Harlequin and Author Solutions have combined to provide a Harlequin-branded but Authorhouse-priced and styled self-publishing portal for women's fiction called Harlequin Horizons.

Edited to add: as a result Harlequin Enterpirses (all imprints) has lost RWA (Romance Writers of America) recognition as anon-subsidy/non-vanity press.

See also:
Who Gets to Wear the Big H?


Cheryl Anne Gardner said...

Yup, I predicted a lot more of this after the Matador post about a year or so ago.

Doesn't surprise me though. Why wouldn't the publishing houses want to cash in on the pipe dream that has become a reality with the advent of POD publishing.

The dollar signs are too huge to ignore. And delusion is a powerful motivator. Harlequin and others will be cha chinging all the way to the bank.

Emily Veinglory: said...

Meanwhile any criticism will be characterised by Harlequin as backward hating of self-publishing -- rather than specifc disgust of author exploitation. These Horizon authors will be drawn in by the Harlequin brand, but left with nothing but the usual high-priced Authorhouse package.

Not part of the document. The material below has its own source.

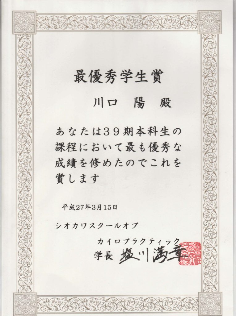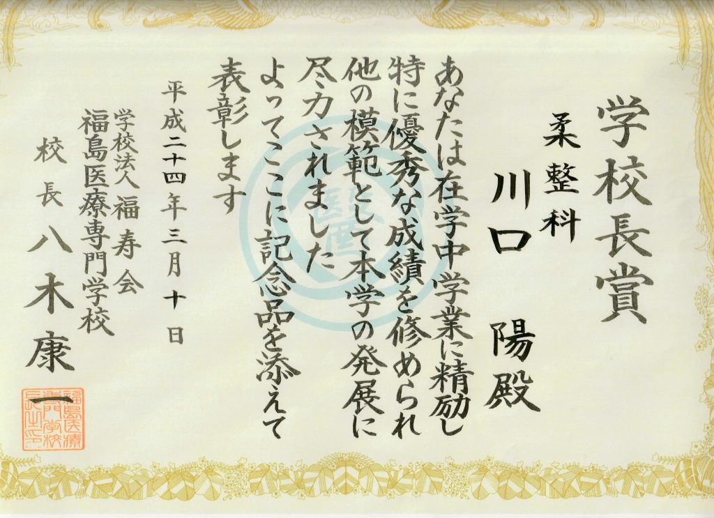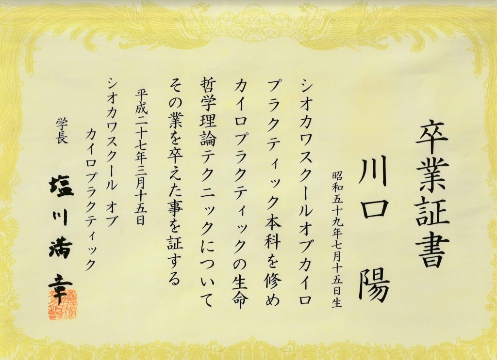 初めまして、会津若松市にあります「あいづ徒手療法室(旧あいづカイロプラクティック)」の川口です。

Cheryl Anne Gardner said...

Yup, and I am sure Harlequin authors (some) are up in arms at the thought of being elbow to elbow with the vile SP authors. Brand name dilution and all that other snobby nonsense.

This is vanity publishing at it's finest.

Say what you will about Lulu and Createspace, at least they offer a true self-publishing option for those who don't want to pay for the vanity services. In that situation, they funtion as merely a printer and a distributor. I like that model better.

Maybe this will be a way to pick over the slush pile and make a few bucks in the process. I don't see anything wrong with that either, as long as they are up front about the odds and what Horizons really means, so authors aren't blind to the reality of it.

Mrs giggles made a comment about the difference being blurred between SP and Vanity publishing. Here is the demarcation: Self-publishing takes a lot of hard work. Vanity publishing takes a lot of hard currency so the author can pay someone else to do the hard work.

Kristine said...

Vanity has seperated humans from their money since time began. It's not likely to stop.

While I'm amused by "the sky is falling!" attitude popping up around the writerly community over this - I'm still irked by the general misconception that Vanity and Self or Indie Publishing are one in the same.